As you gain more experience as a developer, you'll find that system design decisions can significantly impact the problems you face. Design decisions, software choices, and IT infrastructure can make software engineering easier or contribute to the problems you're trying to solve. Over time, you may develop a more intuitive feel for what software systems are scalable. Still, you will eventually need to know how to identify and understand different properties of software systems and how those properties can extend or shorten their lifespan.
In the first half of this article, we'll talk about why scalability is important, the mechanisms for achieving scalability, and the dimensions of scalability. In the second half, we'll go over areas where you can identify performance bottlenecks and methods to test and optimize your system. Afterward, we'll conclude with a few useful resources to further enhance your knowledge in this area.
Let's dive right in!
We'll cover:
- What is scalability?
- Mechanisms to achieve scalability
- Dimensions of scalability
- Identifying performance bottlenecks
- Testing the performance of your application
- Testing the scalability of your application
- Wrapping up and next steps
What is scalability?
The concept of scalability refers to the desirable attribute of a system, network, or process to accommodate increasing numbers of elements or objects, handle growing volumes of work efficiently, and have room for expansion[1].
In other words, a system is scalable when an influx of users, traffic volume, or bandwidth usage does not impact its performance or functional requirements.
Latency vs bandwidth vs throughput
Latency is the time it takes for a system to respond to a user's request.
There are two main types of latency: Network latency is the time it takes for a network to send a data packet from point A to point B. Application latency is the time an application takes to process a user request.
Businesses cut down on network latency by using content delivery networks (CDN) to deploy their servers nearest the end-user. These sites are called edge locations. One solution for minimizing application latency is to run stress and load tests to scan for bottlenecks in the system.

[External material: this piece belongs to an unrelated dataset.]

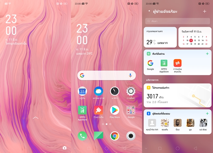 OPPO Reno ทำงานบน Android 9.0 Pie ครอบทับด้วย ColorOS 6 มาพร้อมสเปคที่น่าสนใจ Qualcomm Snapdragon 710, GPU Adreno 616, RAM 6GB, ROM 256GB รองรับ MicroSD อย่างที่ทราบกันครับว่า ColorOS 6 ออกแบบได้เรียบหรูมากๆ หน้าตา UI ดูสวยงามและสะอาดตา แต่ก็แฝงมาด้วยลูกเล่นที่จัดจ้านและครบถ้วน ไม่ว่าจะเป็นระบบผู้ช่วยอัจฉริยะ Smart Assistant, Smart Gesture ที่หลากหลายและลื่นไหล, ฟีเจอร์โคลนแอปพลิเคชั่น สามารถใช้งานแอปพลิเคชั่นโซเชียลยอดนิยมได้พร้อมกัน 2 แอคเคาท์ ในสมาร์ทโฟนเครื่องเดียว, App Split-Screen เป็นการแบ่งหน้าจอเป็น 2 ส่วนสามารถทำงานได้หลายๆอย่างในเวลาเดียวกัน ทั้งหมดนี้มีมาให้ครบถ้วน และทำงานได้อย่างรวดเร็วลื่นไหล สมกับเป็นสมาร์ทโฟนระดับพรีเมี่ยมจริงๆ ในราคาที่เข้าถึงได้ง่าย ยิ่งใช้งานบนหน้าจอไร้ขอบสมบูรณ์แบบ Panoramic full-screen ยิ่งมอบประสบการณ์การใช้งานที่น่าประทับใจมากจริงๆ

Bandwidth is the maximum capacity of a network or computing system to transmit data over a specific period of time.
Throughput measures the amount of data that a network or computing system successfully sends or receives over a period of time.
Note: Suppose we think of data packets as being similar to cars on a highway. In that case, you can think of latency, bandwidth, and throughput in the context of a stretch of highway. Latency corresponds to the time it takes you to get to your intended destination. In contrast, bandwidth corresponds to the number of lanes available to the drivers, and throughput corresponds to the number of cars that have reached their destinations in a given time period.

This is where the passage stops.